Spark Tips. DataFrame API

There are many different tools in the world, each of which solves a range of problems. Many of them are judged by how well and correctly they solve this or that problem, but there are tools that you just like, and want to use. They are properly designed and fit well in your hand, you do not need to dig into the documentation and understand how to do this or that simple action. About one of these tools for me, I will be writing this series of posts.

I will describe the optimization methods and tips that help me solve certain technical problems and achieve high efficiency using Apache Spark. This is my updated collection.

Many of the optimizations that I will describe will not affect the JVM languages so much, but without these methods, many Python applications may simply not work.

Whole series:

Use DataFrame API

We know that RDD is a fault-tolerant collection of elements that can be processed in parallel. But RDDs actually a kind of black box of data — we know that they hold some data but we do not know the type of the data or any other properties of the data. Hence its data cannot be optimized as well as the operations on it.

Spark 1.3 introduced a new abstraction — a DataFrame, in Spark 1.6 the Project Tungsten was introduced, an initiative which seeks to improve the performance and scalability of Spark. DataFrame data is organized into named columns. It is conceptually equivalent to a table in a relational database or a data frame in R/Python but with richer optimizations under the hood.

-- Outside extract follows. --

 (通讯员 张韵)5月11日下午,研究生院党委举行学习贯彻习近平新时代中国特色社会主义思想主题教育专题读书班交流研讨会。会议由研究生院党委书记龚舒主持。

Using DataFrame API you get:

Efficient serialization/deserialization and memory usage

Pyspark

In RDDs Spark uses Java serialization when it is necessary to distribute data across a cluster. The serialization of individual Scala and Java objects is expensive. In Pyspark, it has become more expensive when all data is double-serialized/deserialized to Java/Scala and then to Python (using cloudpickle) and back.

The cost of double serialization is the most expensive part when working with Pyspark. For distributed systems such as Spark, most of our time is spent only on serialization of data. Actual computing is often not a big blocking part — most of it is just serializing things and shuffling them around. We want to avoid this double cost of serialization.

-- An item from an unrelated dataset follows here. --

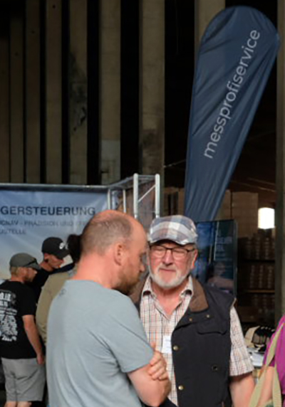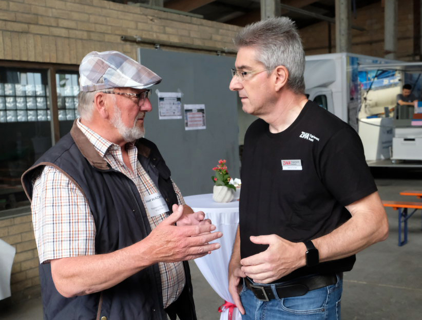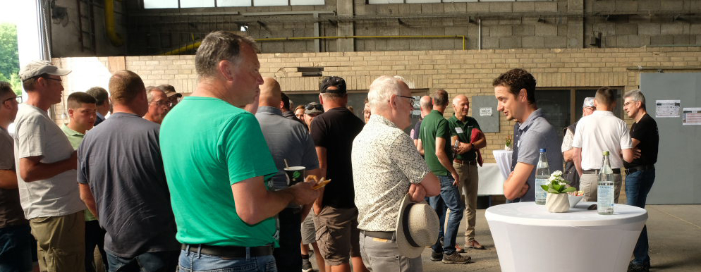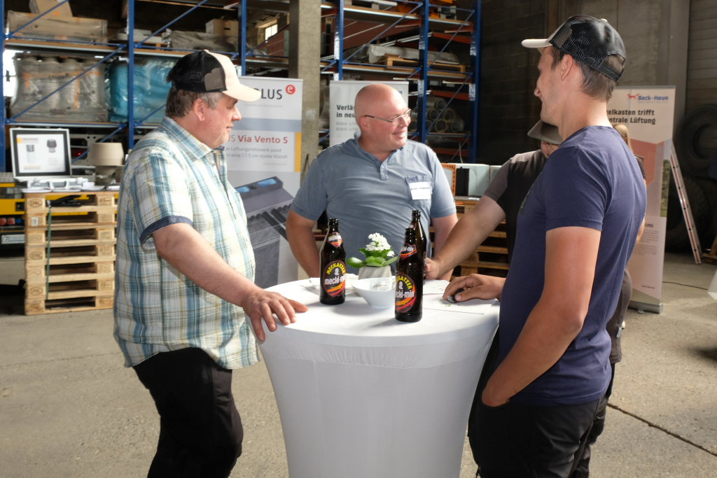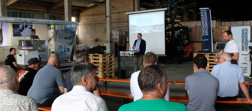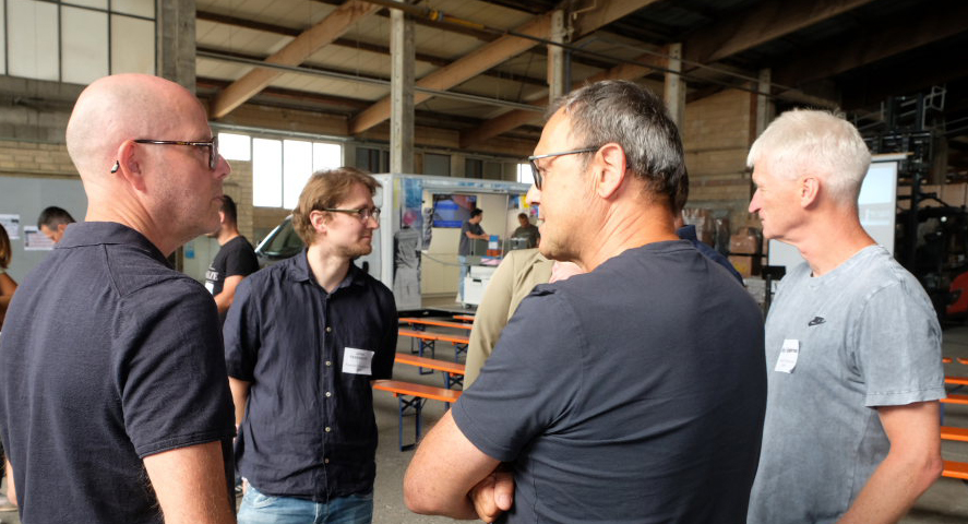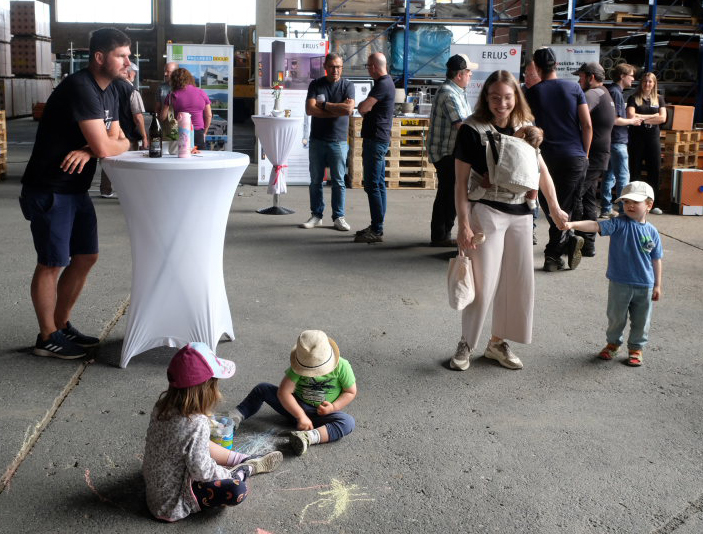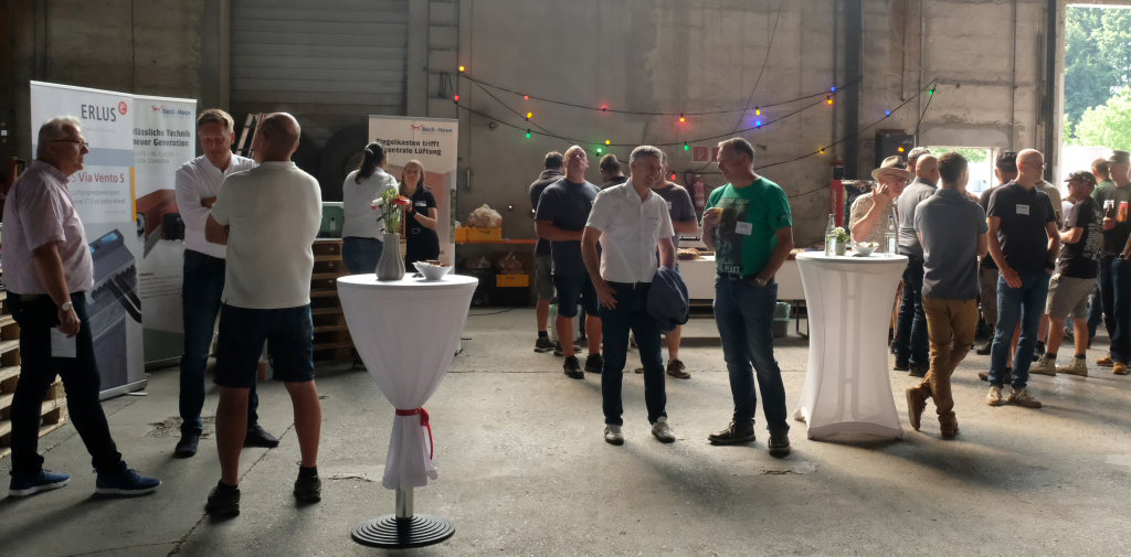 Die eigens leergeräumte Lagerhalle verwandelte sich für die Veranstaltung in eine Messefläche mit Bewirtung durch ein Grillteam und vielen Möglichkeiten für fachlichen Austausch zwischen Besuchern und Experten.

In RDD we have this double serialization, and we pay for it on every operation — wherever we need to distribute data into a cluster or call the python function. It also requires both data and structure to be transferred between nodes.

With the DataFrame API, everything is a bit different. Since Spark understands data structure and column types if they are represented as DataFrame, he can understand how to store and manage them more efficiently(Java objects have a large inherent memory overhead as well as JVM GC).

The DataFrame API does two things that help to do this (through the Tungsten project). First, using off-heap storage for data in binary format. Second, generating encoder code on the fly to work with this binary format for your specific objects.

In simple words, Spark says:

I'm going to generate these efficient encoders so that I can pull the data right out in this compact format and process it in that format right through the transformation chain. I'm going to minimize the amount of work I'm required to do in JVM (no, I'm not going to do anything in Python) and maximize the amount of data I can process in my compact format stored in off-heap memory. It turns out that you don't pay a penalty for serialization/deserialization — you work directly on this compact format, and using off-heap memory is a great way to reduce GC pauses because it is not in the scope of GC.

So it's great that we can store our data inside the JVM, but we can still write code in Python using a very clear API and it will still be very efficient!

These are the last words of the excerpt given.